# Activity
Below are records with pictures in them. Output exactly the lines from the one with "Женский Легкий Коричневый" through the one with "1945 Netzschkau |", both included, and leave every picture out; give only those lines.

# Material provided
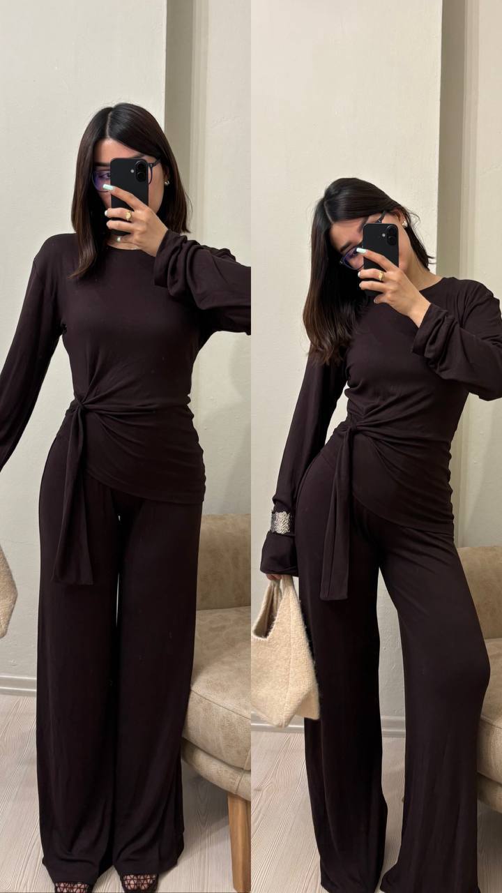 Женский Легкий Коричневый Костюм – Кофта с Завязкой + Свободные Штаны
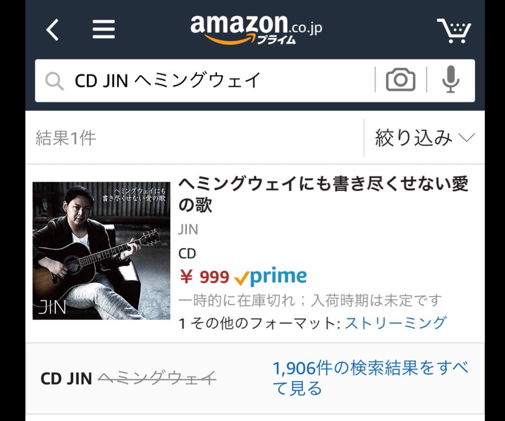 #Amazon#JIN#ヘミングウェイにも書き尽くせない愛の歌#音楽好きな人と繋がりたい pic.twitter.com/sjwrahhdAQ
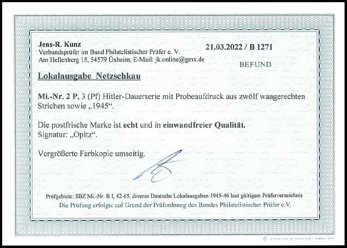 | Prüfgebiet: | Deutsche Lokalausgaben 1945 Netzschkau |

==

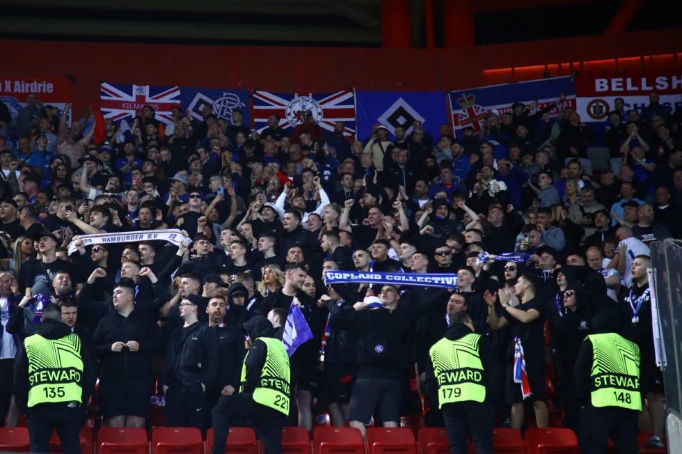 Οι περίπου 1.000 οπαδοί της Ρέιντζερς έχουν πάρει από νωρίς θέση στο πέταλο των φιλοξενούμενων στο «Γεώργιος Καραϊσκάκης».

# Your response
 Женский Легкий Коричневый Костюм – Кофта с Завязкой + Свободные Штаны
 #Amazon#JIN#ヘミングウェイにも書き尽くせない愛の歌#音楽好きな人と繋がりたい pic.twitter.com/sjwrahhdAQ
 | Prüfgebiet: | Deutsche Lokalausgaben 1945 Netzschkau |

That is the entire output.